Experiencing Acceleration Performance

Experiencing Acceleration Performance - 2023.2 English

Vitis Tutorials: Hardware Acceleration (XD099)

Document ID

XD099

Release Date

2023-11-13

Version

2023.2 English

In this lab, you will experience the acceleration potential by running the application first as a software-only version and then as an optimized FPGA-accelerated version using a precompiled FPGA accelerator.

Run the following command to set up the application.

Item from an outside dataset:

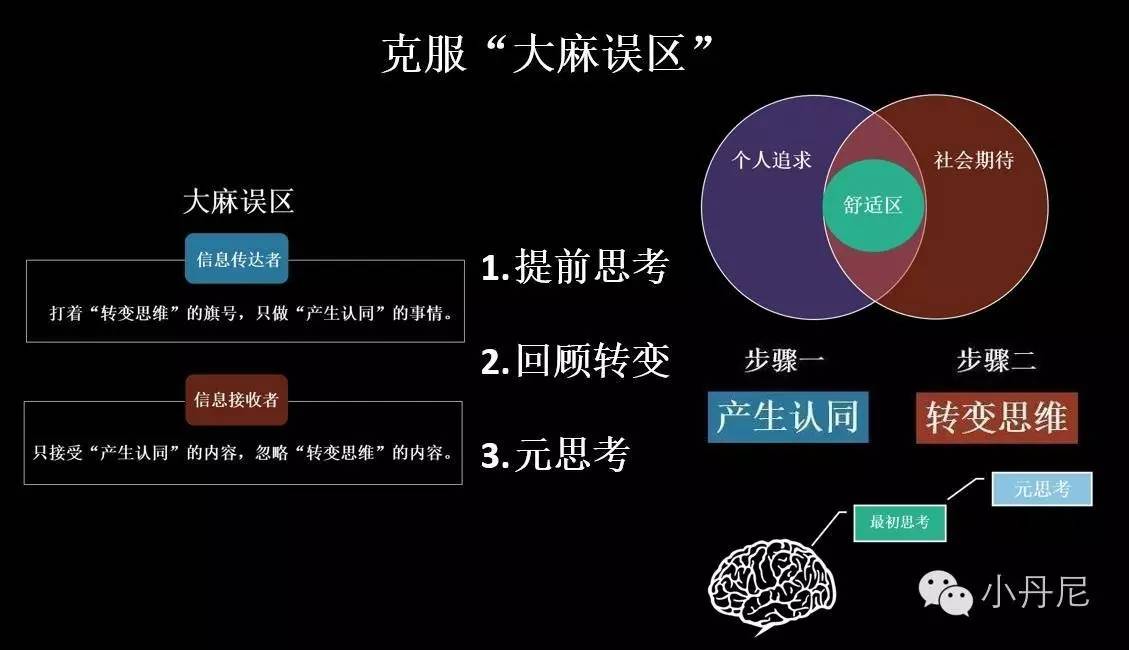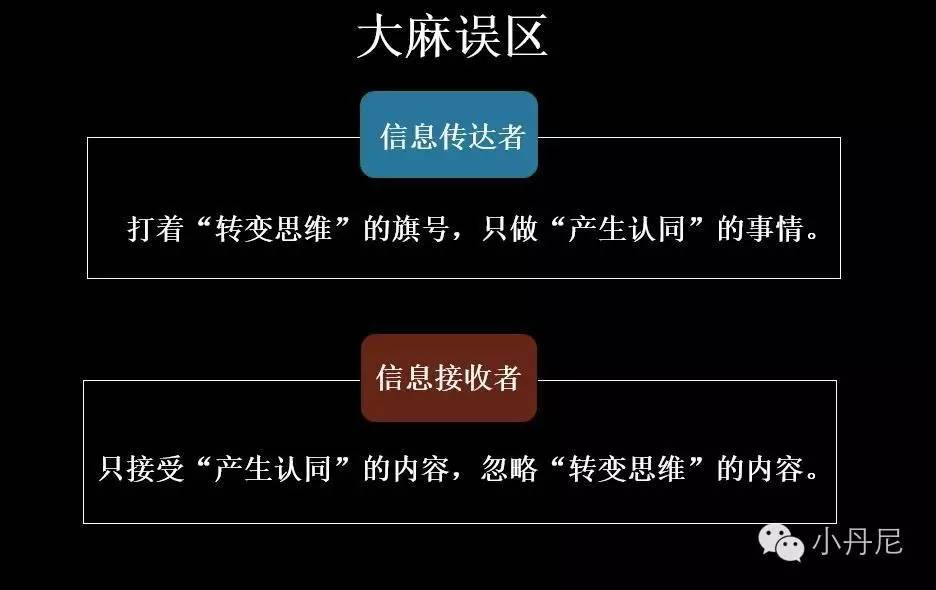 接下来我们谈谈“大麻误区”第二种情况:作为信息接收者(读者或听众),我们只是去接受“产生认同”的内容,忽略“转变思维”的内容。

# Source the Vitis runtime environment
export LAB_WORK_DIR=<Downloaded Github repository>/Hardware_Acceleration/Design_Tutorials/02-bloom

Next, build the C application:

Navigate to the cpu_src directory.

Use the following command to run the original application with the number of documents as the argument, and generate the golden output file for comparison.

cd $LAB_WORK_DIR/cpu_src/
make run

The generated output compute scores are stored in the host code in the cpu_profile_score array that represents the outputs for the total number of specified documents. The results will look similar to the following:

./host 100000
Initializing data
Creating documents - total size : 1398.903 MBytes (349725824 words)
Creating profile weights

Total execution time of CPU          |  2949.3867 ms
Compute Hash processing time         |  2569.3266 ms
Compute Score processing time        |   380.0601 ms
--------------------------------------------------------------------
Execution COMPLETE

Run the application on the FPGA. For the purposes of this lab, the FPGA accelerator is implemented with an 8x parallelization factor.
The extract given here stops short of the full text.